Was passiert jetzt eigentlich mit den französischen Sozialisten?

Die PS in Frankreich implodiert, scharenweise sind ihre Vertreter vor der Präsidentschaftswahl zum politischen Gegner übergelaufen. Und jetzt?

1925 drückte ein Parteibuch der PS noch eine politische Überzeugung aus. Doch das ist lange her... Foto: NORLU / Wikimedia Commons / PD

(KL) – Das wird jetzt richtig schwierig für die PS, die sozialistische Noch-Regierungs-Partei Frankreichs. Das jämmerliche Ergebnis ihres Kandidaten Benoît Hamon (6,7 %!) ist unter anderem darauf zurückzuführen, dass die Parteigranden ihren Kandidaten reihenweise im Stich gelassen haben und zum politischen Gegner übergelaufen sind. Dies müsste nun eigentlich zum ebenso reihenweisen Ausschluss aller dieser „Überläufer“ führen, denn die Unterstützung eines Kandidaten aus den Reihen des politischen Gegners ist laut Satzung der PS ein Grund für einen Parteiausschluss.

Es ist schon seltsam, wie die PS mit dem Kandidaten umgesprungen ist, den sie selbst in einer aufwändigen Vorwahl gekürt hat. Niemand hatte Frankreichs Linke gezwungen, den Kandidaten Hamon zu wählen und ins Rennen zu schicken. Da ist es dann schon seltsam, mit welcher Leichtigkeit sich so viele führende Mitglieder der PS von ihrem eigenen Kandidaten abgewandt haben, um den neoliberalen Emmanuel Macron zu unterstützen.

Den dicksten Klops brachte der ehemalige Premierminister Manuel Valls, der in der Stichwahl der Vorwahl Benoît Hamon unterlegen war.
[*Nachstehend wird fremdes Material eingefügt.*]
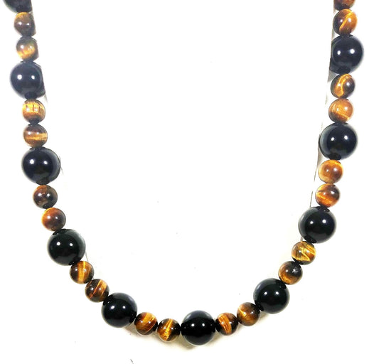 Mens Beaded Necklace - Tiger Eye Necklace - Black Onyx Necklace - Karma Protection Necklace - Anti Depression - Crystal Healing Gemstone Talisman
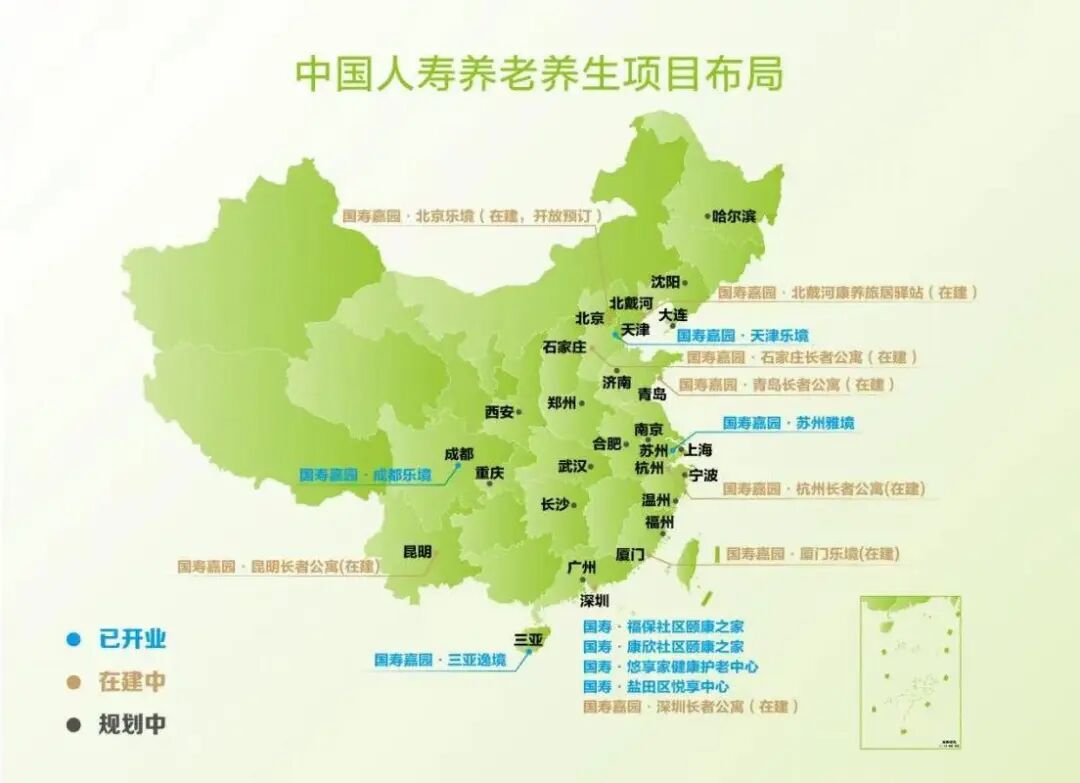 中国人寿围绕“吃、住、医、护、乐、学、游”的多元化需求,提供“医养结合、活力养老、专业照护、候鸟旅居”的一站式综合解决方案,并在多个养老养生项目中得到良好的实践,目前已在全国10多个城市投资建设多元化的优质养老养生项目15个,可提供各类床位近万张。

Wie alle anderen Kandidaten dieser Vorwahl hatte sich auch Valls schriftlich (!) verpflichtet, das Ergebnis dieser Vorwahl zu respektieren und den Gewinner als den Kandidaten der PS zu unterstützen. Doch nach seiner Niederlage schwenkte Valls sofort um, schloss sich dem Kandidaten Macron an und beging somit einen unverzeihlichen Verrat an seiner eigenen Partei. Er sollte nicht der einzige bleiben.

Doch was bewegte derart viele Parteioberen der PS, ihren eigenen Kandidaten zu verraten und für einen politischen Gegner zu werben? Im Vordergrund stand die nicht ganz unrealistische Einschätzung, dass Macron bessere Chancen habe als Hamon (eine Einschätzung, die am letzten Sonntag an den Wahlurnen bestätigt wurde), verbunden mit der Hoffnung, in einer neuen politischen Formation („En Marche!“) den einen oder anderen Posten ergattern zu können. Was einmal mehr zeigt, dass politische Überzeugungen im politischen Tagesgeschäft nur eine untergeordnete Rolle spielen.
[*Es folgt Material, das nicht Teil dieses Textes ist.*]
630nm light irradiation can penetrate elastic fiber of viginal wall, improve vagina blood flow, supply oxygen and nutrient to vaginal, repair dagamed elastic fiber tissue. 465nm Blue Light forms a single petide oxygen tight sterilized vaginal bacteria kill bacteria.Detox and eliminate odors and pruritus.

Inzwischen hat der neue starke Mann Frankreichs Emmanuel Macron angekündigt, dass all diejenigen, die jetzt gerne bei der Parlamentswahl im Juni für seine Partei antreten wollen, zuvor aus ihrer bisherigen Partei austreten müssen. Vielleicht wäre es besser für die PS und ihr Selbstverständnis, all die Überläufer selbst auszuschließen und derart „gesundgeschrumpft“ einen inhaltlichen und personellen Neustart zu organisieren.
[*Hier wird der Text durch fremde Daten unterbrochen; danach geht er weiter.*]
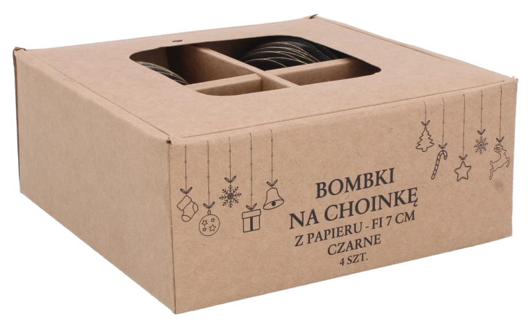 Štýlová sada vianočných gulí z papiera premení vašu sviatočnú výzdobu na modernú a nadčasovú. Čierny odtieň dodá interiéru sofistikovanosť, pritom zostáva univerzálny a ľahko kombinovateľný s kovovými akcentmi, drevom aj farebnými svetielkami. Vďaka nízkej hmotnosti sú ozdoby vhodné aj na jemnejšie vetvičky.
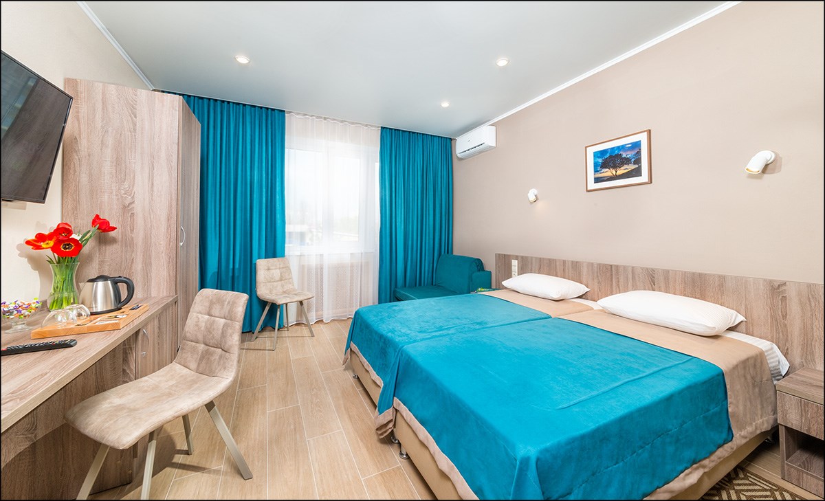 Площадь номера - 18 кв.м. 2 осн. места. 1 доп. место. Балкон. Мебель: вешалка, зеркало, кресло, кровати односпальные, прикроватные тумбочки, стол, стулья, шкаф. Оборудование: кондиционер, телевизор, холодильник. Санузел: с душем, туалетные принадлежности. Сервис: смена полотенец (1 раз в 3 дня), смена постельного белья (1 раз в 7 дней), уборка номера (ежедневно).

Die „Überläufer“ haben in der PS nichts mehr verloren, sie haben die Grundprinzipien ihrer Partei verraten und selbst dafür gesorgt, dass die Franzosen nun am 7. Mai nur noch die Wahl zwischen einem kaum verortbaren, dafür aber sehr machthungrigen politischen Abenteurer und einer knorrigen Rechtsextremen haben, die Frankreich und Europa in Richtung Abgrund führen will. Dass es zu dieser Stichwahl kommt, hat Frankreich unter anderem all denjenigen zu verdanken, die aufgrund persönlicher Ambitionen das politische Lager gewechselt haben. Die PS braucht dieser „Überläufer“ nicht mehr und muss sich nun komplett neu erfinden. Falls ihr dazu noch die Zeit bleibt.